◆ DIRECTIONS
Among the entries below, one line contains "This page presents" and another contains "AOA 멤버 혜정과 찬미는". Transcribe those two lines and every line between them, exactly.

◆ INFORMATION
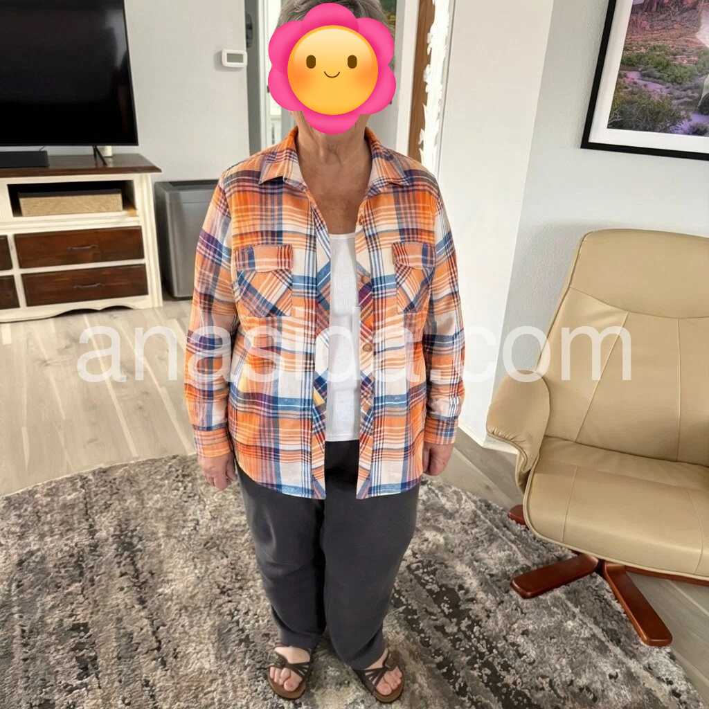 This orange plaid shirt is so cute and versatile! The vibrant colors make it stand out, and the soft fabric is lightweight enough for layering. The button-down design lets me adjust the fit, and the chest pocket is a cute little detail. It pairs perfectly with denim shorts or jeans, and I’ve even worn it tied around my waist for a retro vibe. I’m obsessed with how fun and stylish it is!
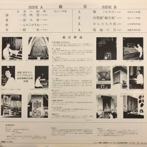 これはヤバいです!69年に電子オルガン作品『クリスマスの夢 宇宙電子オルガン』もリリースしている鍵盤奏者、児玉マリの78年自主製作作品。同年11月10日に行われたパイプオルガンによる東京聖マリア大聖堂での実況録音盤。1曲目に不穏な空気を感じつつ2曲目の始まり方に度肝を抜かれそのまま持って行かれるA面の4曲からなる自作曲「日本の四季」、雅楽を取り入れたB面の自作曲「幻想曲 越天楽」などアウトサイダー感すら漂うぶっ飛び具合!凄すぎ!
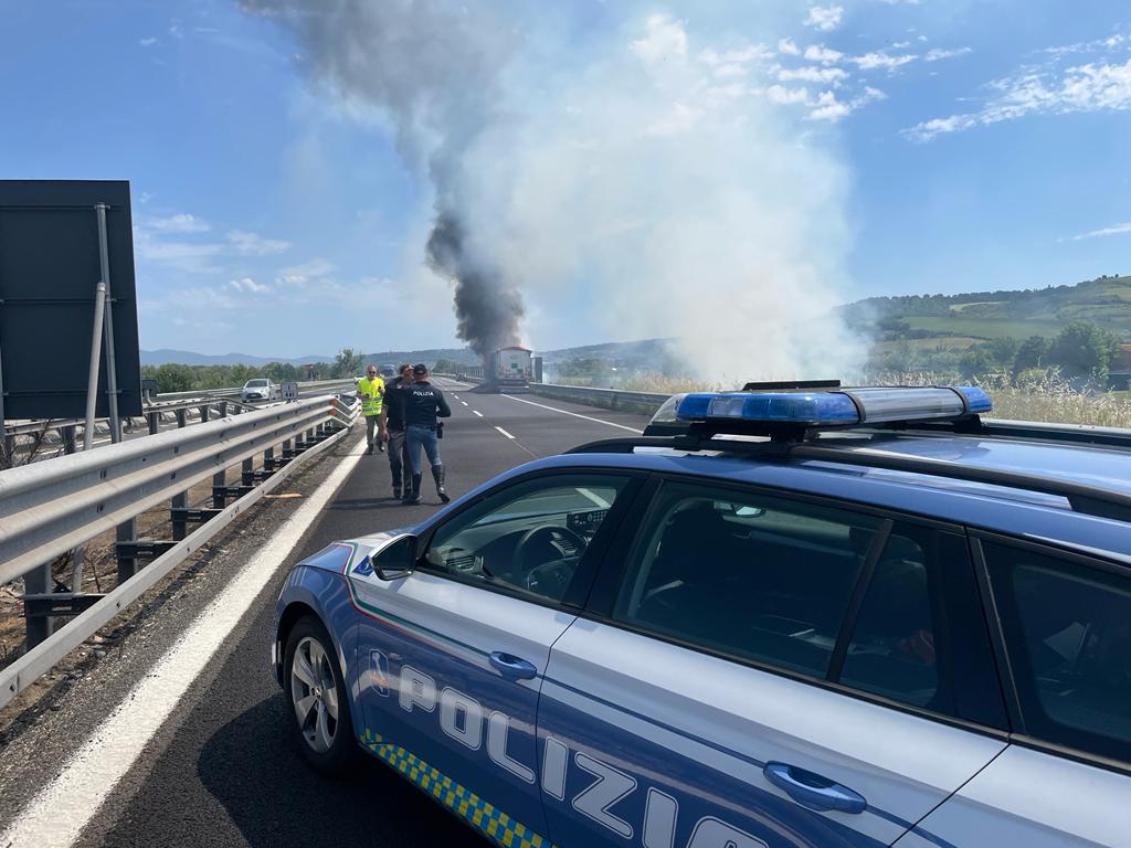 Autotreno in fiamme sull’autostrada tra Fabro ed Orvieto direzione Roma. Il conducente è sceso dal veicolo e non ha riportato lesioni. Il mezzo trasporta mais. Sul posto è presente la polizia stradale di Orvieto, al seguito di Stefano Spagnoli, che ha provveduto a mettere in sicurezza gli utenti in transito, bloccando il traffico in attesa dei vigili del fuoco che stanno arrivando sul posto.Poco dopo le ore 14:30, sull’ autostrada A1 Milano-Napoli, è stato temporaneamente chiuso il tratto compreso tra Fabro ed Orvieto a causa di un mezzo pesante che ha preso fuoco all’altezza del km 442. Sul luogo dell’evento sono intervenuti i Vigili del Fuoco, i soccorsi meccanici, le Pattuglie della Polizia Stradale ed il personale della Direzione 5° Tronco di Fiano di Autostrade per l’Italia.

---

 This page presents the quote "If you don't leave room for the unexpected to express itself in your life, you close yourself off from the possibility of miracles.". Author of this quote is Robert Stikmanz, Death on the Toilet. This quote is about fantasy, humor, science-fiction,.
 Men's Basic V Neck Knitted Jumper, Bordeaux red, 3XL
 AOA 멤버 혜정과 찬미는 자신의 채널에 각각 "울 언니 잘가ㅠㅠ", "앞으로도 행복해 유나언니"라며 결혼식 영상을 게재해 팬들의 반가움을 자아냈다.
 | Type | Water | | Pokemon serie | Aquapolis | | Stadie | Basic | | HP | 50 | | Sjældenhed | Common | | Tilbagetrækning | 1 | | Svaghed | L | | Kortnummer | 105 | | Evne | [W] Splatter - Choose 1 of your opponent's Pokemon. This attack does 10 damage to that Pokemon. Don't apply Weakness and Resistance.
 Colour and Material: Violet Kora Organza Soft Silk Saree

◆ EXPECTED ANSWER
 This page presents the quote "If you don't leave room for the unexpected to express itself in your life, you close yourself off from the possibility of miracles.". Author of this quote is Robert Stikmanz, Death on the Toilet. This quote is about fantasy, humor, science-fiction,.
 Men's Basic V Neck Knitted Jumper, Bordeaux red, 3XL
 AOA 멤버 혜정과 찬미는 자신의 채널에 각각 "울 언니 잘가ㅠㅠ", "앞으로도 행복해 유나언니"라며 결혼식 영상을 게재해 팬들의 반가움을 자아냈다.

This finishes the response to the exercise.